PostPosted: Thu Sep 05, 2013 11:32 am    Post subject: Reply with quote

mac wrote:
At 200 pounds, I have a North 11.8 Warp that I use on light days. It is actually harder to get on a plane than the 11.0 because it is hard to pump a sail that big efficiently unless you are a big, strong, fit pro. In marginal conditions, it will plane, but not go upwind or downwind very well. If that is what you want...


I am surprised that you notice much difference between the 11.0 and 11.8. Are they both Warps?

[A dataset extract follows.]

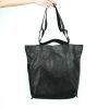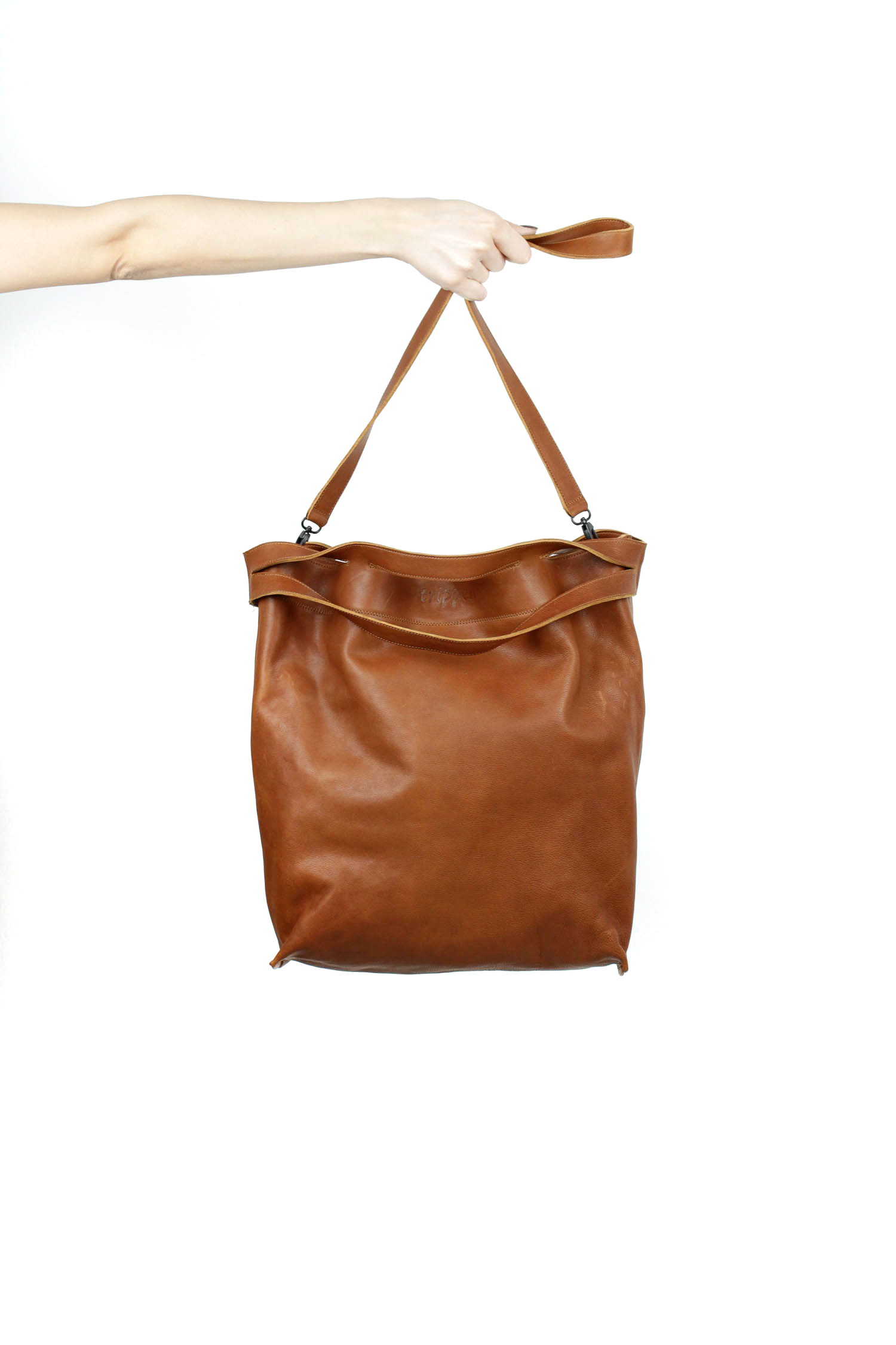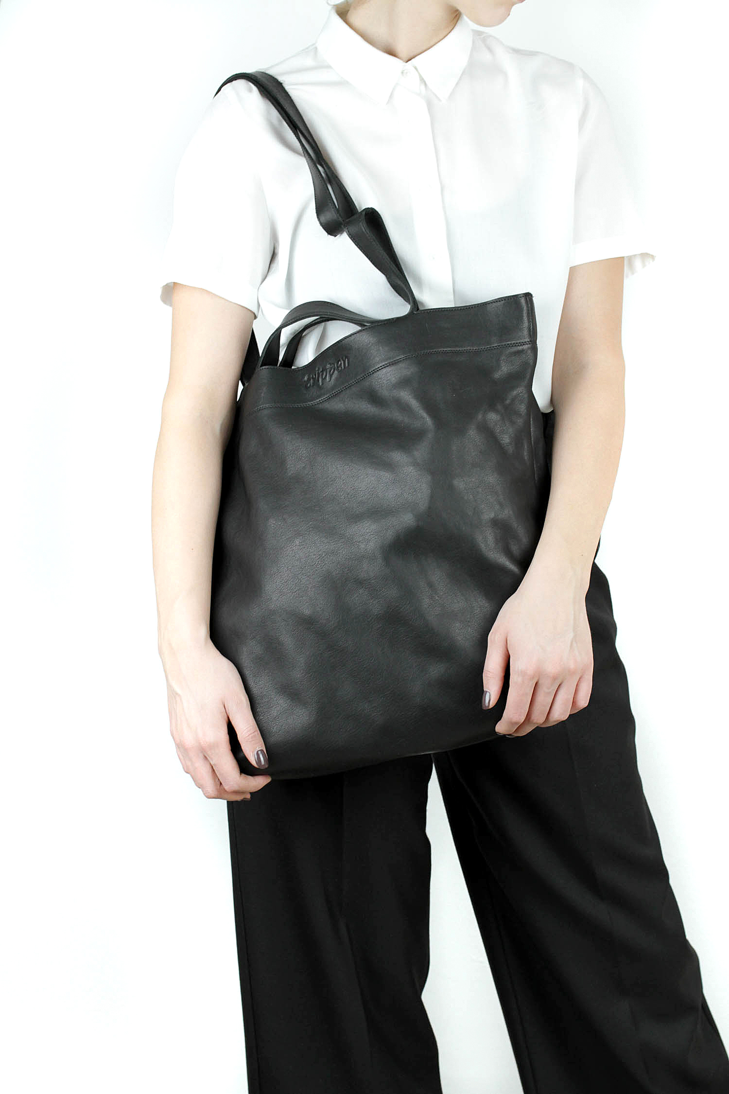 Plain, light trapezium-shaped, elaborately designed bag. Thanks to the cuts along the upper edge, the straps can be shortened when the bag is carried by hand or lengthened across the shoulder. An additional shoulder strap ensures even greater variability.

To give some additional info/perspective as to what I'm thinking. I can get a new (old stock) 11.0 VMG (2009) for $500 plus shipping. Not bad at all for a sail that size. I wouldn't even need a new boom since my 260 (Carbon) size boom would work. Not many sails that size available (none really) that would work with that size boom. That is one less piece of equipment I have to lug and store. I can get a new 11.9 VMG (2009) for $650 plus another $250 for a Chinook aluminum 225-287 boom plus shipping. The other option is a new 11.0 RapidFire (2008) for $400, but that would also require the Chinook boom. I also found a 2010 Maui Sails Titan 11.0 for $350, but would also require a larger boom. I have a 550 mast already.

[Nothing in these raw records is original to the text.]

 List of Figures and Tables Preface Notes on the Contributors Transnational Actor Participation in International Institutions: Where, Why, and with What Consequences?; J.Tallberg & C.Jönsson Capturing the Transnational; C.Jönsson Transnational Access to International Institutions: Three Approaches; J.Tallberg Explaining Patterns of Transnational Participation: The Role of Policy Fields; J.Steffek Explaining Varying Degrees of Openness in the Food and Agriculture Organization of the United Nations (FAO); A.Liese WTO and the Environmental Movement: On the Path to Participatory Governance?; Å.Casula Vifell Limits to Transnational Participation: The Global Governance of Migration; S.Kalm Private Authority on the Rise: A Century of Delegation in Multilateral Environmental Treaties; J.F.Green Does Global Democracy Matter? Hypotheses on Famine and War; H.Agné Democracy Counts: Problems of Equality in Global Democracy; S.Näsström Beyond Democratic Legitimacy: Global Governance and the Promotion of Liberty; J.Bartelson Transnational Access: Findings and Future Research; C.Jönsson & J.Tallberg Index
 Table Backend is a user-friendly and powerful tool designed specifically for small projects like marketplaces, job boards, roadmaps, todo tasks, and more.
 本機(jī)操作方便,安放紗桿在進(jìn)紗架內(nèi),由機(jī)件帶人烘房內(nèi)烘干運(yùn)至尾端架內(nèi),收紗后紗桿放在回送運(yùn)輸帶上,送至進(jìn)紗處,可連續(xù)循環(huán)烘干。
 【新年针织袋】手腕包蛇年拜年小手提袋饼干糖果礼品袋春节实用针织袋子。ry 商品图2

These are good prices and these items won't always be available. Once they are gone, my choices go down and costs go up considerably unless I get really lucky in the used market. Most older sails require giant 290 booms or larger and they are just not available or cheap.

I think my best bet is the 11.0 VMG, but I may not gain any early planing, and possibly lose some. I would gain control when it gets windier and that will allow me to not have to re-rig as early. I would also gain some top end. It of course, weighs more, is difficult to water start/uphaul and a little more time rigging.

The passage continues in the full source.